The first set of benchmarks are aimed at measuring the latency of one round trip transfer of a 64-byte packet. This means that the total transfer size and the transfer size were

both kept to 64 bytes. In order to obtain clean measurements, the computer was taken off the network and run without a graphical user interface. In addition, the benchmark program would send 1000 round trip packets before sending a packet that is measured. The program would then average 1000 of the measured packets together to get the mean and standard deviation for the data point. The latency benchmark was run for all the test setups and the results of the benchmark can be found in Figure 3. The FX3 test setup had by far the highest round trip latency, with a latency value of 80.38  $\mu$ s. All the other test setups have a round trip latency of around 6  $\mu$ s. Aurora x1 Window has higher round trip latency than the other PCIe based implementations, which is caused by the additional buffers used to store the send window. The measurements obtained had a low variance, with the standard deviation from the FX3 benchmark being 2  $\mu$ s and from the PCIe-based benchmarks being 0.2  $\mu$ s. The low variance in part indicates that there were no measurement artifacts in the data collected. Additionally, the measured values are as expected. The documented FX3 firmware processing time for each DMA buffer is about 40  $\mu$ s. Since a round trip transfer has to be processed twice by the DMA engine, a total round trip time of 80  $\mu$ s seems very reasonable [21]. The much lower values of the PCIe benchmarks is also logical. Since Xillybus allows for explicit flushing of the DMA buffers, the latency of the round trip packet is much lower.

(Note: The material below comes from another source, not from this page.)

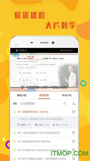 初中英语语法涵盖了初中阶段所有重要语法知识点,包括零点奇迹系列课程:宾语从句、名词、代词、冠词、动词、数词、形容词、易混淆动词辨析、副词等专题讲解。词汇学习模块包含初中易错词汇、情感交际类词汇、学业竞争类词汇、职业自然旅游类词汇、人物修饰类词汇等分类词汇表,以及词汇进阶第一季、第二季和高频单词趣味学等特色内容。【我的课程】功能让学习更便捷,可以随时查看学习进度和已完成内容。【学习计划】根据个人学习情况智能推荐学习内容,帮助学生制定个性化学习方案,快速提升英语水平。

Looking more closely at the various PCIe-based benchmarks, they all appear as expected. Taking into account the standard deviation values, the measurements for PCIe are all roughly the same. However, the mean is higher for PCIe with the FX3 emulator and the four Aurora tests. One would expect the mean for these to be higher since they communicate to the 690T and back whereas the PCIe test does not. The theoretical latency for both the GPIF and Aurora can be calculated. The GPIF latency is calculated as shown in (1).

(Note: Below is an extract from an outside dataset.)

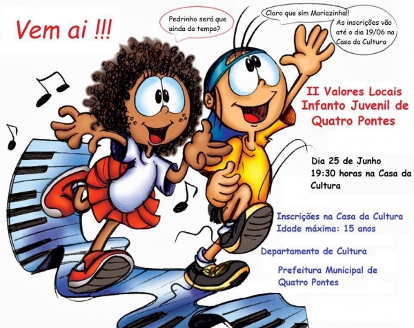 Hoje (19) é o último dia para realizar a inscrição a fim de participar do II Valores Locais Infanto Juvenil de Quatro Pontes. O evento organizado pela Secretaria de Educação, Cultura e Esportes será no dia 25 de junho, com início às 19h30, na Casa da Cultura.

$$\text{GPIF latency} = \text{clock freq.} \times (\text{data cycles} + \text{overhead}) \quad (1)$$

Assuming the overhead is around 10 cycles, then the round trip transfer time is 0.4  $\mu$ s, as calculated in (2).

$$\text{round trip time} = 100 \text{ MHz} \times ((16 \times 2) + 10) = 0.4 \mu\text{s} \quad (2)$$

The theoretical increase of 0.4  $\mu$ s is larger than the observed increase of 0.03  $\mu$ s, but taking into account that the transfer can start while the PCIe transfer is still in progress, the observed increase seems reasonable.

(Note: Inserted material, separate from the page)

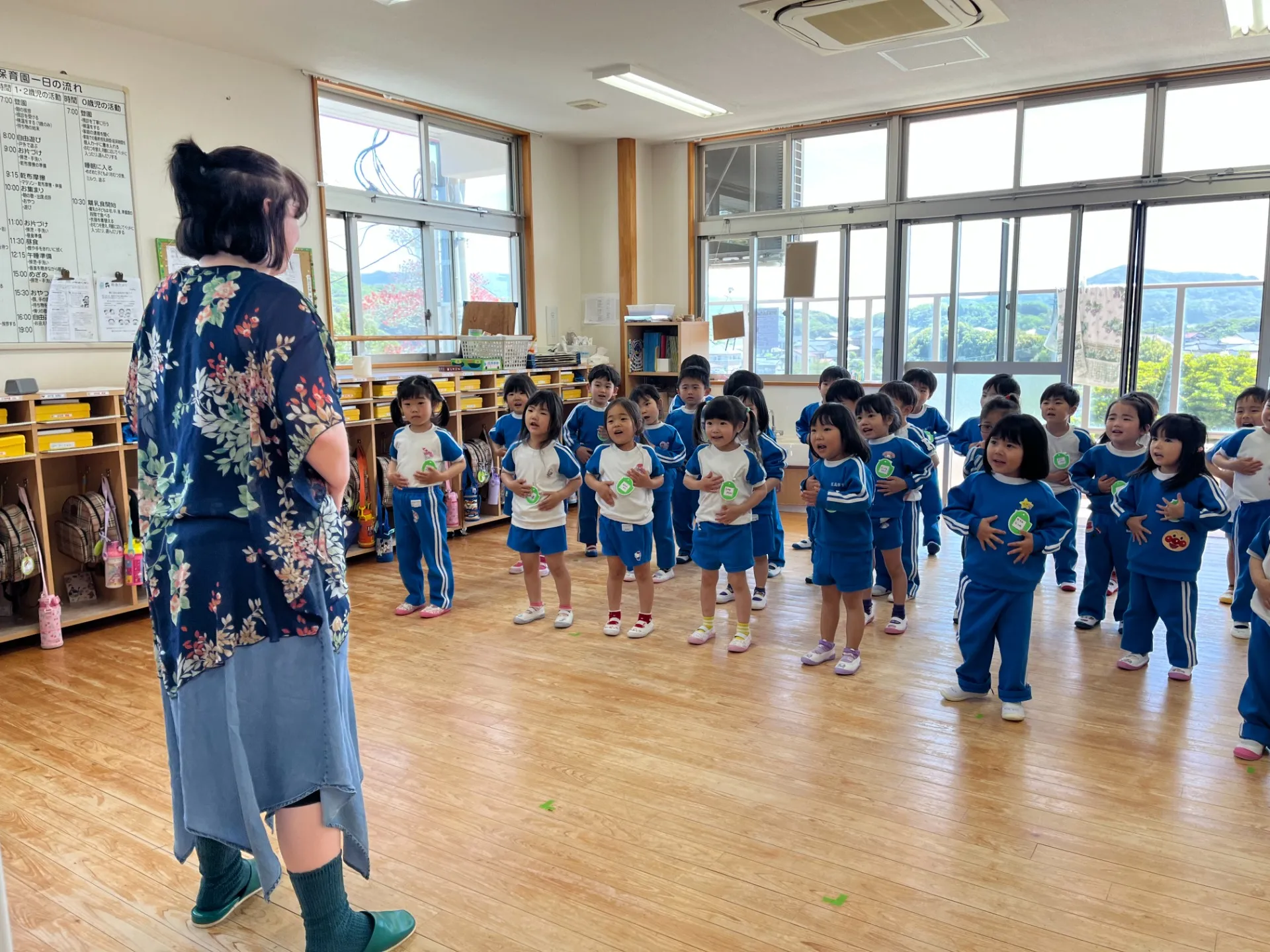 B組になり、英会話の活動がスタートしました☆初めての英語に最初はドキドキしている様子も見られましたが、講師のリン先生の明るい声掛けや楽しい歌で、みんなすぐに笑顔になっていました😊少しずつリン先生の英語を真似して、大きな声で歌ったり、発音する姿も見られるようになっています🎵これからも楽しみながら英語に触れられる時間を大切にしていきたいと思います✨

A theoretical calculation for Aurora can similarly be made. The Aurora latency can be calculated as shown in (3), which results in a theoretical latency of 0.1638  $\mu$ s.

$$\frac{\text{bits to transfer}}{\text{transfer rate}} = \frac{64 \times 16}{6.25 \text{ Gbps}} = 0.1638 \mu\text{s} \quad (3)$$

The theoretical increase of 0.16  $\mu$ s is about the same as the observed increase of  $\approx 0.1 \mu$ s. Again, the Aurora transfer can start while the PCIe transfer is still taking place, which explains why the observed value is less than the theoretical value.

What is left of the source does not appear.